You might want to check out the websites of Alpha Supply Company. They are loaded with good info. Just look under the preferred vendors section.


----------



## uncletee (Feb 25, 2007)

go to dye sublimation on this site start at the top and read everything


----------



## Testee Tees (Jul 25, 2009)

Why is it I can't get my picture to sublimate? I am using a Epson r280 with a ciss some dye ink and a heat press can anyone help me?


----------



## LogoDaddy (Sep 26, 2007)

Testee Tees said:


> Why is it I can't get my picture to sublimate? I am using a Epson r280 with a ciss some dye ink and a heat press can anyone help me?


You have to have sublimation ink for it to work.


----------



## joeshaul (Mar 1, 2008)

Testee Tees said:


> Why is it I can't get my picture to sublimate?
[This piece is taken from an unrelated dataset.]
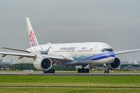 Deze China Airlines Airbus A350-900 draait de Aalsmeerbaan op om even later op te stijgen voor de vlucht naar Taipei.

I am using a Epson r280 with a ciss some dye ink and a heat press can anyone help me?


Dye based ink and dye sublimation ink are two different things, that would be my guestimation as to why it has failed.


----------



## Testee Tees (Jul 25, 2009)

Cool Thanks alot, Where would you suggest getting sublimation ink for my r280?


joeshaul said:


> Dye based ink and dye sublimation ink are two different things, that would be my guestimation as to why it has failed.


----------



## joeshaul (Mar 1, 2008)

Most sublimation substrate suppliers will sell the ink as well. Unsure what's available for your specific model of printer, Sawgrass owns the patent for small format dye sublimation inks in the U.S. though, so the price will be similar across the board and will be quite spendy. 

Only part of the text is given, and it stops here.